И он ушел с надзирателем под звяканье ключей и щелчки замков. Я постоял, разглядывая подсобку, десять кассет «Праздника чтения» на полке, расставленные в хронологическом порядке. Казалось, что запах Максима на моей коже усилился после того, как он ушел. Я вернулся на возвышение.
— Хорошо все прошло? — спросила мадам Вуазен, спеша мне навстречу.
Я ответил «Очень хорошо» нейтральным тоном, который ее встревожил, и не без оснований.

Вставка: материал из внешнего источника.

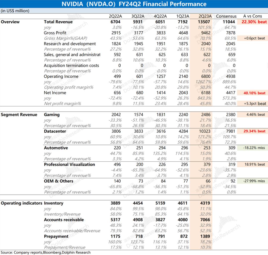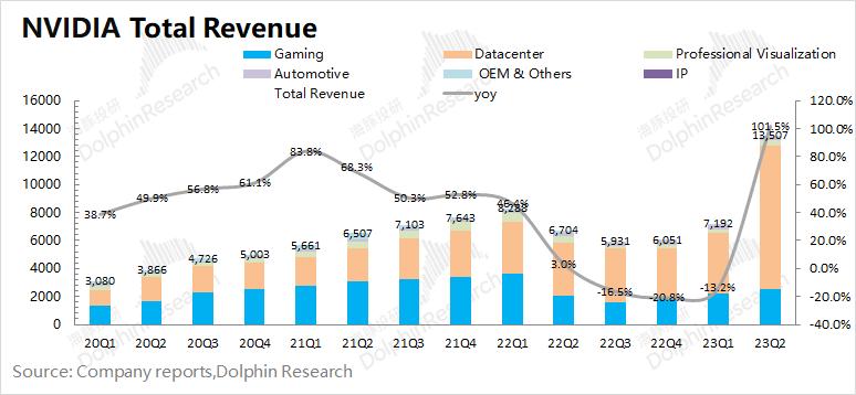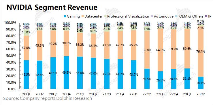 对于三季度如此超预期的指引,海豚君认为PC和游戏业务开始迎来回暖,而其中主要超预期仍是来自于AI和大语言模型方面激增的需求。在美国大多数科技股二季度交出相对疲软数据的情况下,英伟达呈现出“一家独赢”的局面。这展现出市场对数据中心业务依然有着强烈的需求,而英伟达在市场中具有绝对领先优势。

Она посмотрела на мои пальцы, сжимающие экземпляр Максима, нахмурилась и принюхалась к моему воротнику.
— Ясно, — вздохнула она с понимающим видом. Я почувствовал, что краснею. Она покачала головой и прищелкнула языком.
— Не в обиду вам будь сказано, но это репеллент. Как только Полина почует на вас запах своего мужчины, вы будете для нее неопасны. Ветивер — это святое. Она заказала для него у Карвена партию таких салфеток, пятьдесят коробок оптом, это ограждает его от тюремных запахов, и ему полегче живется. Хорошая новость — он все еще дорожит Полиной. И хочет, чтобы вы стали ее другом, а не его соперником. — Она явно ждала моей реакции. Я сказал, что польщен.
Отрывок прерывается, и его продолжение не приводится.